Compromise needed on Newport Beach fire rings
The complaints of some homeowners about public fire rings in Newport Beach quickly morphed into a draconian proposal by regional air officials to eliminate all of the popular beach bonfire pits in Los Angeles and Orange counties. And though that proposal has since been softened, the new version still calls for removing all the rings in Newport Beach.
Although coastal homeowners shouldn’t have to be continually bombarded by smoke and soot, the South Coast Air Quality Management District has not come up with a persuasive rationale for its recommendation, which so far is generating more heat than light.
The AQMD board is scheduled to vote next week on its most recent proposal, which would ban fire rings within 700 feet of homes — which happens to eliminate all of Newport Beach’s 60 fire rings, as the city wants, but very few in other cities. Although at times the pollution close by the bonfires exceeds short-term standards, an AQMD study found, the exposure to pollutants is reduced by 98% at 700 feet away. But that also means the bonfires are not significant contributors to regional or even local air pollution, past the immediate area.
At the same time, the proposal would do nothing about the portable fire rings and charcoal barbecues that are allowed on or adjacent to affected beaches, or about wood-burning pits on private land. In Newport Beach, the public fire rings would be banned but not the ones that residents might set up on their beachfront patios. Is the problem smoke, or just smoke generated by beach visitors? One resident who asked for the rings to be removed wrote that only several summers after she and her husband moved in did they realize that the people using the fire pits “were NOT people who resided here in Newport Beach but visitors.” Something about this doesn’t smell right, and it’s not the burned marshmallows.
The staff of the California Coastal Commission released a report Friday that recommends against allowing Newport Beach to remove its fire rings. The report said the bonfires are a coastal access bonus that provide low-cost recreation by the sea, and that eliminating them in one city would cause more crowding elsewhere. The report also questioned the AQMD’s 700-foot rule, saying a much shorter distance would reduce pollutant levels to nearby homes by 80% to 90% while retaining more of the fire rings.

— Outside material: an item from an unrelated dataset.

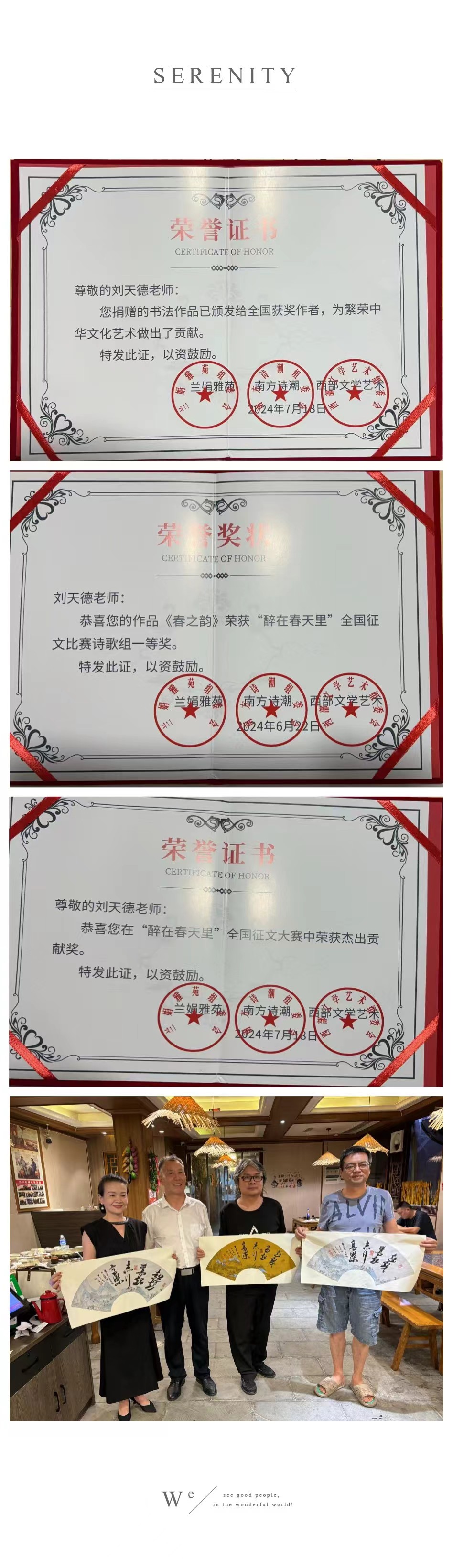劉天德,筆名:光磊,大學本科學歷,歷任安徽省界首市公安局機關黨委書記、局指揮中心臺長、局文聯主席、四級高級警長,中國酈道元文學院副院長、中華現代文化促進會副主席,安徽省、全國公安作家協會會員,《中國現代文化報》副總編。先后在國家、省、市報刊雜志發表詩文500余篇,其中30余篇獲大獎。先后入選《中華大地之光》《共和國之盾》等刊物,正式出版長篇小說《愛情日記》《警徽閃爍》《高墻內的女人》《父愛》(文學電影劇本)4部,均獲國家著作權專利。第三屆酈道元文學大賽一等獎、第五屆中國優秀作家。最近又榮獲第二屆世界華人文學獎?中國年度獎——《高墻下的女人》(長篇小說)、優秀電影劇本獎——《父愛》(文學劇本)、第六屆中國當代實力派書畫名家等。第四屆酈道元文學大賽榮獲金獎。

The Coastal Commission will discuss the issue at a separate meeting next week. But the smartest discussion would be for all the agencies to work out a reasonable compromise, such as a smaller buffer zone, better policing and spreading out the Newport Beach fire rings so that they’re not concentrated in just two spots. And rules that limit public fire rings should also set limits on private fire pits, because where there’s smoke, there’s — well, smoke.